David Grogins, an attorney with Cohen and Wolf, drafted an opinion that says the governor “cannot require municipalities to contribute” because state statute defines the allowable sources of funding.
He said the only allowable sources of funding are contributions from teachers, appropriations from the General Assembly, bond proceeds, and earnings from investments.
“It is clear in its mandate that these are the only funding sources,” Grogins said.
He opined that Malloy’s proposal also violates the 2008 bond covenant the state created to help address the unfunded pension liability. “Statute specifically states that the proceeds of the sale of these bonds must be used to reduce the unfunded liability of the TRS Fund,” Grogins wrote. “The Governor’s proposal circumvents the mechanisms set forth in the Statute to address unfunded liabilities of the TRS Fund.”
But the Malloy administration defended its proposal Thursday.
“We understand that some communities would prefer not to lose this generous hidden subsidy from the state, but it is discouraging that they would hide behind spurious legal arguments rather than directly stating their opposition to paying for their own teachers’ pensions,” Chris McClure, a spokesman for Malloy, said.
He said they believe the proposal doesn’t violate the bond covenant.
“We stand by our assertion that requiring the towns to pay only 1/3rd of the cost for the pensions of their employees is not just the right thing to do for the state, but is not violative of the bond covenant,” McClure said. “The relevant portion of the covenant states ‘there shall be deemed appropriated from the General Fund of the state the amount equal to the annual required contribution to the fund for the Connecticut teachers’ retirement system,’ which is exactly what we have proposed. The covenant is silent as to source of revenue to fund that appropriation.”
Regardless of the legal arguments, local elected officials said Thursday that’s it’s a bad deal for taxpayers because it will drive up property taxes this year and in future budget years.
Coventry Town Manager John Elsesser said Coventry will be asked to contribute $1.3 million in 2018. That’s a 1.45 mill increase for Coventry taxpayers.
“That’s 3.1 percent of our total town budget,” Elsesser said.
In the next 14 years that will grow to 5.4 mills or 11.5 percent of the town’s budget, Elsesser said.

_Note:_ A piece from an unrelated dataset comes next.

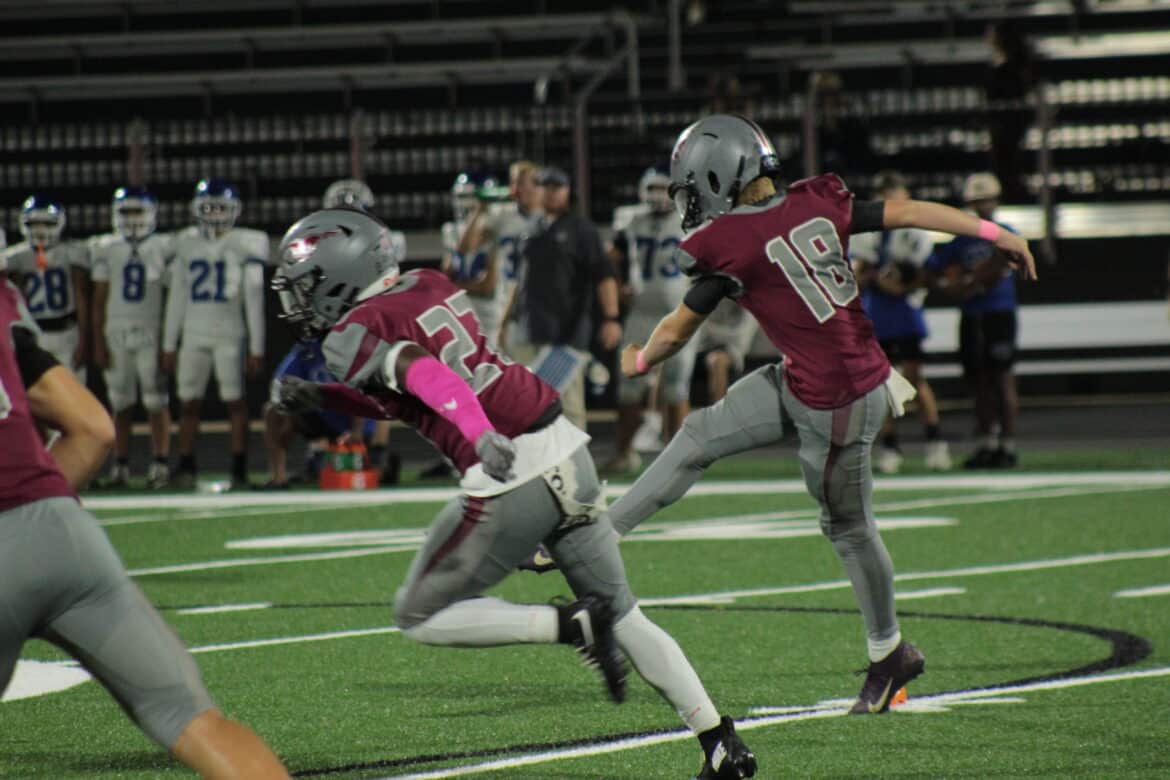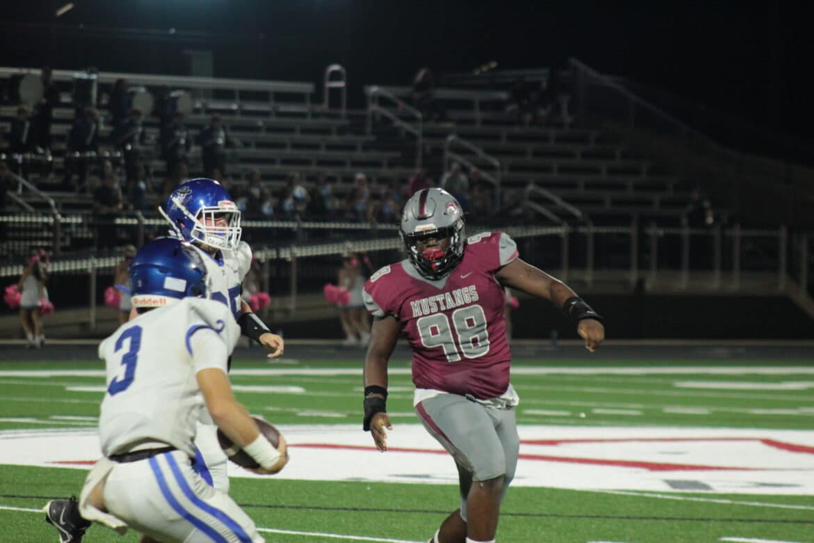 Mustangs’ defensive back Jay Stone added a 20-yard interception returned for a touchdown late in the 4th quarter for the final score of the game, as the Mustangs coasted to a 47-26 victory in the all-important region game.

“This shift is huge to the property taxpayers in the state of Connecticut,” Elsesser said.
He said if anyone asked the best way to fund teacher pensions, “would anyone have said let’s put it on the property tax?”
Betsy Gara, executive director of the Council of Small Towns, said they’re hearing from lawmakers who are not in favor of Malloy’s proposal.
“We’re hearing this is a non-starter,” Gara said. “And it’s causing a lot of budget upheaval at the local level.”
She said they’re urging lawmakers to take it off the table. She said taking it off the table makes putting together local budgets more manageable.
Gara said she thinks if they understand the legal implications then they will realize it would be impossible to do in this budget cycle.
“When it’s in the mix it creates too much volatility at the local level,” Gara said.
However, rejecting it means finding another $407 million in spending cuts or new revenue.